For AI productivity, the identification problem is worse. AI tools are evolving monthly. A study comparing "AI users" in January 2025 to "AI users" in January 2026 is comparing different tools, different workflows, different levels of organizational integration. The object of measurement is changing faster than the measurement can be conducted.

The $650 Billion Measurement Gap

The annual bet on AI infrastructure — $427 billion in 2025, projected $562 billion in 2026, with estimates running to $650 billion — is being made in the absence of a credible measurement instrument for the thing being purchased. The task-level evidence is clear. The macro-level impact is undetectable. And the methodological bridge between them — the controlled study of how task gains aggregate into firm and economic gains — has just been declared structurally unworkable by the organization most committed to building it.

This is not necessarily irrational. The original Solow paradox resolved after fifteen to twenty years despite similar measurement gaps in the interim. Firms that invested in IT before the productivity evidence arrived captured disproportionate gains when organizational restructuring finally unlocked them. Perhaps AI investment today is the same wager.

But there is a difference worth noting. In the 1980s, the measurement instruments for IT productivity were limited but functional — you could run controlled comparisons because workers didn't refuse to use typewriters. The measurement gap was one of data availability. In 2026, the measurement instruments for AI productivity are being actively consumed by the phenomenon they're trying to measure. The gap isn't missing data. It's a methodology being destroyed by its own subject.

Every technology that created cognitive dependence — GPS, calculators, autopilot — eventually settled into a new equilibrium where the question "is it helping?" became unanswerable because the pre-technology state was gone. We don't ask whether GPS helps navigation anymore. We can't.

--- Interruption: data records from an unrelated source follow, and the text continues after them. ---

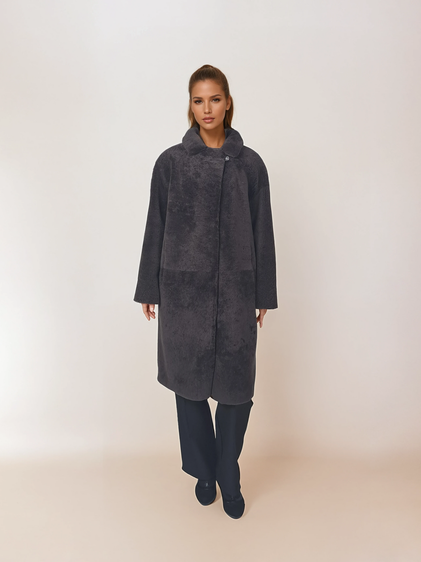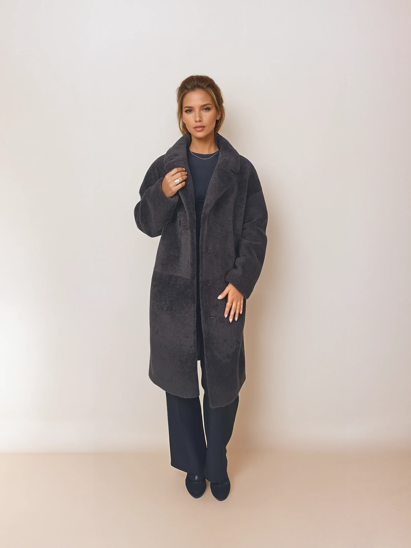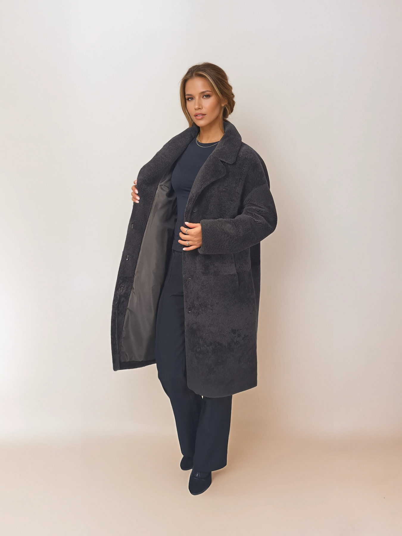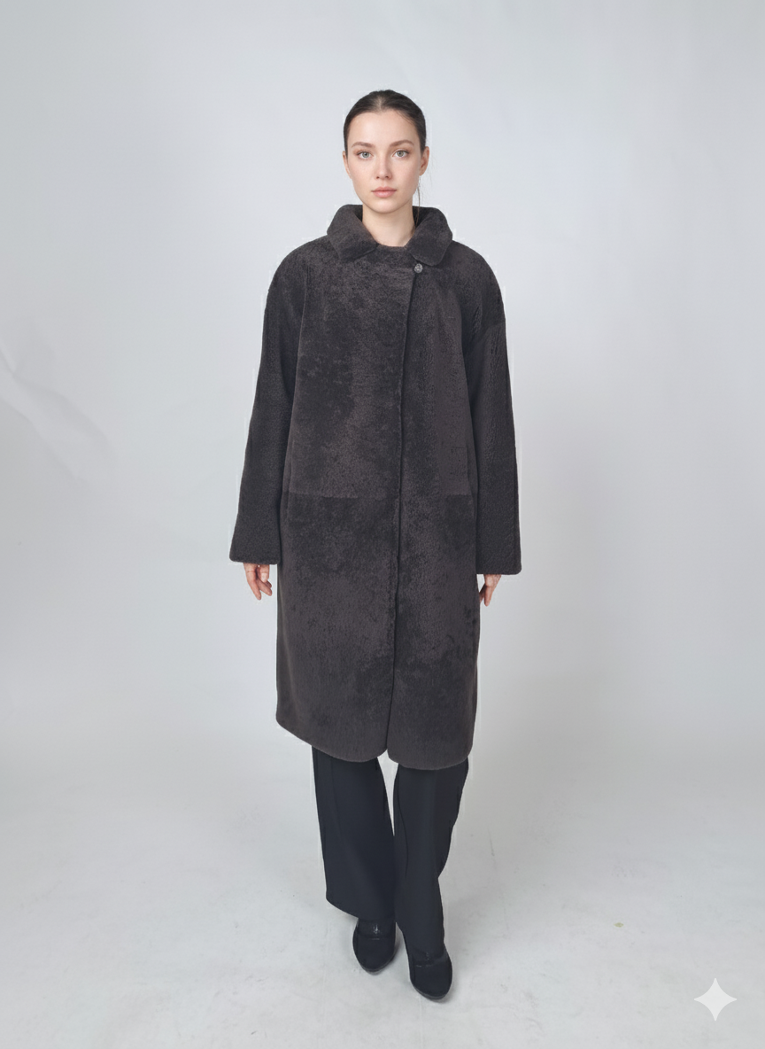 Dieser raffinierte, lockige Lammmantel für Damen besticht durch seine luxuriöse Textur in einem warmen Kaffeeton und wird durch einen eleganten Kragen von 95 cm abgerundet. Der charakteristische gekräuselte Flor sorgt für visuelles Interesse und haptische Fülle, während die raffinierte Silhouette für mühelose Raffinesse sorgt. Ein Investitionsstück, das außergewöhnliche Wärme mit dauerhaftem Stil für die anspruchsvolle Frau verbindet.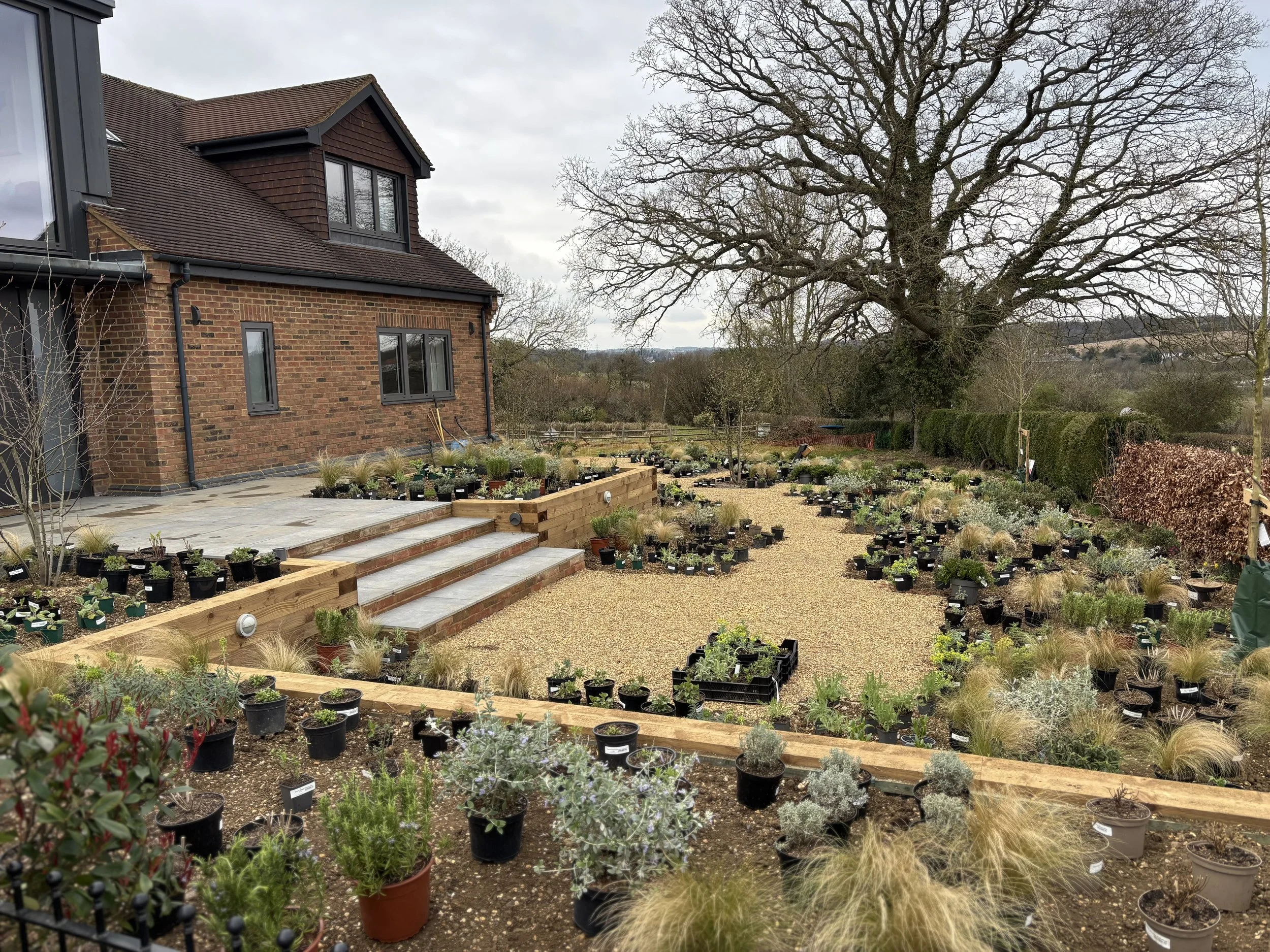 The BuildExperienced local builders levelled the site, removed and stored the existing top soil, prepared the ground, built the pathways, steps and raised beds over a 4 week period. Large amounts of gravel were added into the soil to break up the clay and create the ideal growing medium for the drought resistant planting scheme.
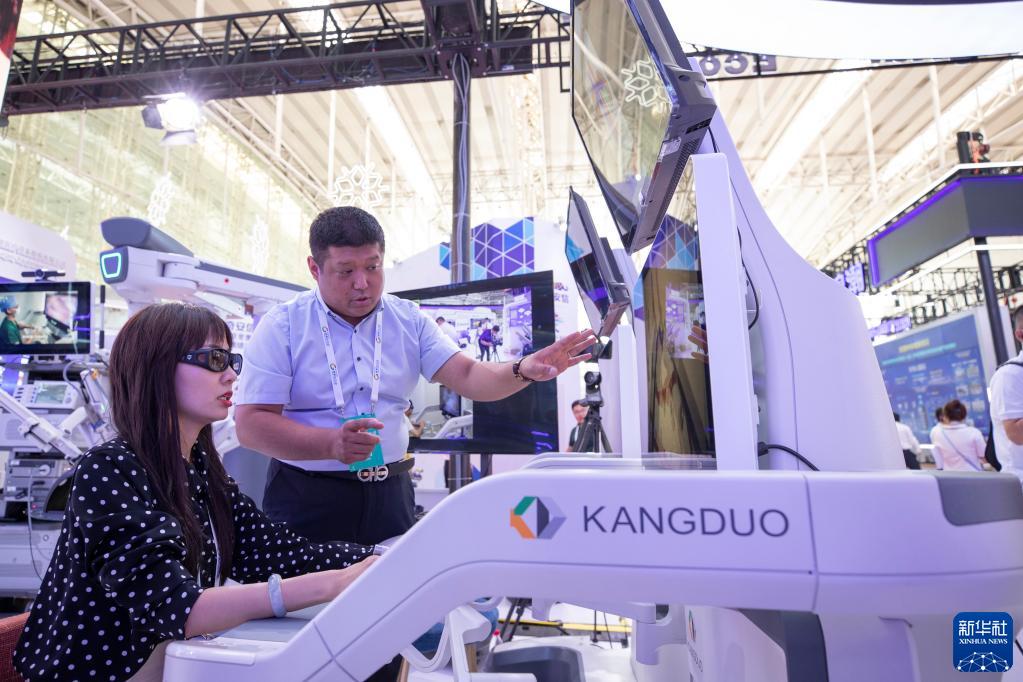 8月10日,在2022世界5G大會展廳里,參展商現場演示5G遠程手術機器人。
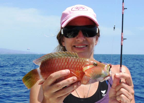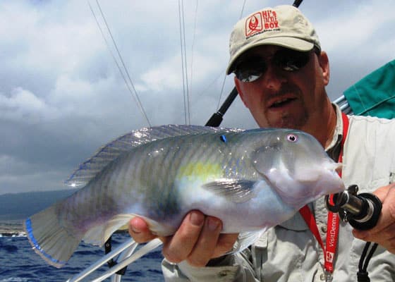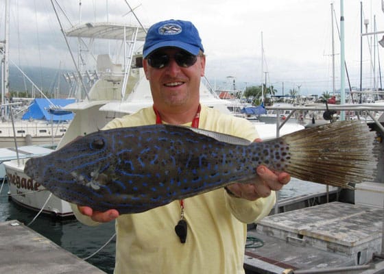 That’s ace skipper Dale Leverone, and his son Jack, who appears rather concerned that the gray triggerfish will attack. If you’re in Kona, look Dale up on http://www.konadeepsea.com/charters/capt.htm or email him at leveroned001@hawaii.rr.com.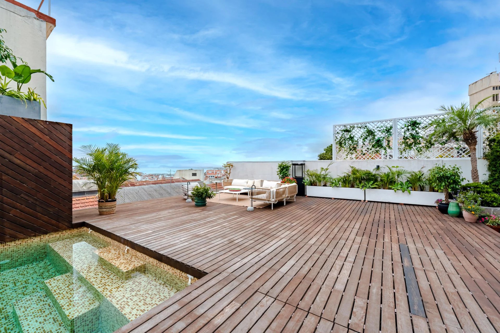 Эта замечательная квартира предлагает поистине уникальный опыт проживания в Лиссабоне. 421 м² элегантного внутреннего пространства дополнено 300 м² выдающихся открытых площадок с панорамным видом на город и реку Тежу.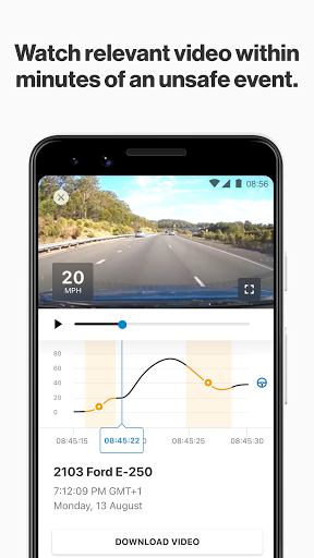 एकीकृत वीडियो ऐप आपको देखने के लिए एक अलर्ट प्राप्त करने की अनुमति देता है जब कोई वीडियो देखने के लिए उपलब्ध होता है, कठोर ड्राइविंग घटनाओं के वीडियो फुटेज को देखें और कठोर के बारे में उपयोगकर्ता रेटिंग प्रदान करें ड्राइविंग वर्गीकरण। जब आप घर पर हों, कार्यालय में या क्षेत्र में हों, तो अपने ड्राइवरों के साथ क्या हो रहा है इसके बारे में जानें।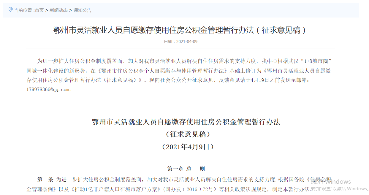 《鄂州市靈活就業(yè)人員自愿繳存使用住房公積金管理暫行辦法(征求意見稿)》。網(wǎng)頁截圖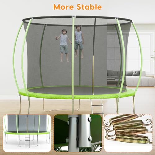 Garvee Outdoor Trampoline with Enclosure & Ladder - ASTM Approved | Sizes 10FT, 12FT, 14FT, 16FT for Kids & Adults (Green, 12FT)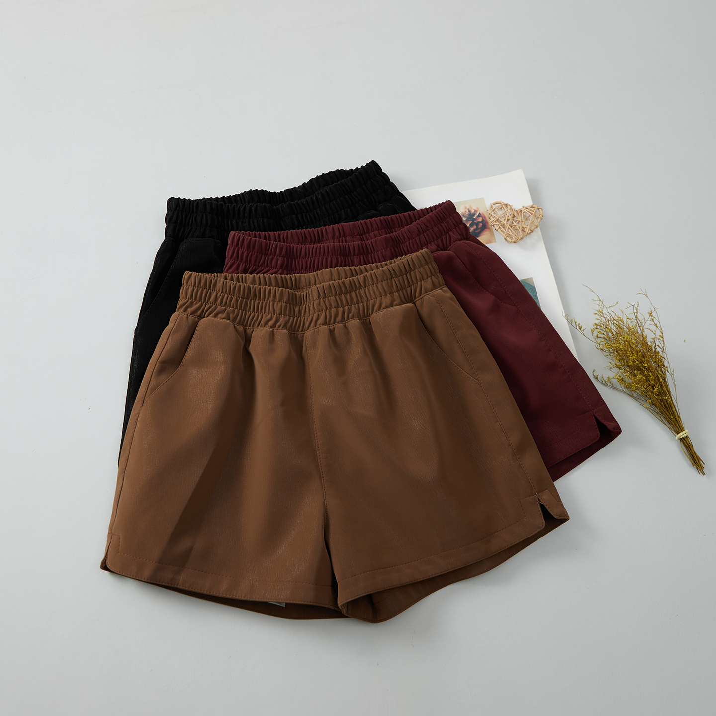 商品标签:黑色皮短裤

There is no population of GPS-naive navigators to compare against. The measurement window closed.

For AI, that window may still be open. But it's closing. And when it closes, the only evidence left will be subjective — the perception of productivity that persists even when objective measurement says otherwise.

The developers believed they were 20% faster. The screen recordings said 19% slower. METR won't be able to run that comparison again.